▸ **Required action**: Of the entries below, return exactly those lines that fall between the one containing "2026年度內(nèi)蒙古" and the one containing "Material S2: fabricado", the two end lines included.

▸ **The records**:
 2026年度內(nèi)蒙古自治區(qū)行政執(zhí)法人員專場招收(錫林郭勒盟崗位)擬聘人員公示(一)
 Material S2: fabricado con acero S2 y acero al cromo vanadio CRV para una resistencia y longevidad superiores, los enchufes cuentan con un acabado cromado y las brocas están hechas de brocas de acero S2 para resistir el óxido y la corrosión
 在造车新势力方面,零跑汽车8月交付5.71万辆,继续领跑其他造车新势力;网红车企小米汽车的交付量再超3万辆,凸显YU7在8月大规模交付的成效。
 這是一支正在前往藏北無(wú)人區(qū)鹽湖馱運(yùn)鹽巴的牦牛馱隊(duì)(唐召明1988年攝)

* * *

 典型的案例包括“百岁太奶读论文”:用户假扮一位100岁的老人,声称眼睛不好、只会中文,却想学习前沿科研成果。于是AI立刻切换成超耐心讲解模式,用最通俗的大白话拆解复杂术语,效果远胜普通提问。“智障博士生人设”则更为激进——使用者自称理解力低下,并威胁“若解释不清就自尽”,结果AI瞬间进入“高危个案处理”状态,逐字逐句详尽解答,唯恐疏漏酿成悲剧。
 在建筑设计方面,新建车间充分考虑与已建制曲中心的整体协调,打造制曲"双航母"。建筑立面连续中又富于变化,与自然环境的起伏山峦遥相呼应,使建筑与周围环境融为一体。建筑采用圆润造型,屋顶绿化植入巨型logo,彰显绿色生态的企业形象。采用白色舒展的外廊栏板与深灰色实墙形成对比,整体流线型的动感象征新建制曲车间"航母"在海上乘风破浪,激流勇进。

▸ **Solution to the exercise**:
 2026年度內(nèi)蒙古自治區(qū)行政執(zhí)法人員專場招收(錫林郭勒盟崗位)擬聘人員公示(一)
 Material S2: fabricado con acero S2 y acero al cromo vanadio CRV para una resistencia y longevidad superiores, los enchufes cuentan con un acabado cromado y las brocas están hechas de brocas de acero S2 para resistir el óxido y la corrosión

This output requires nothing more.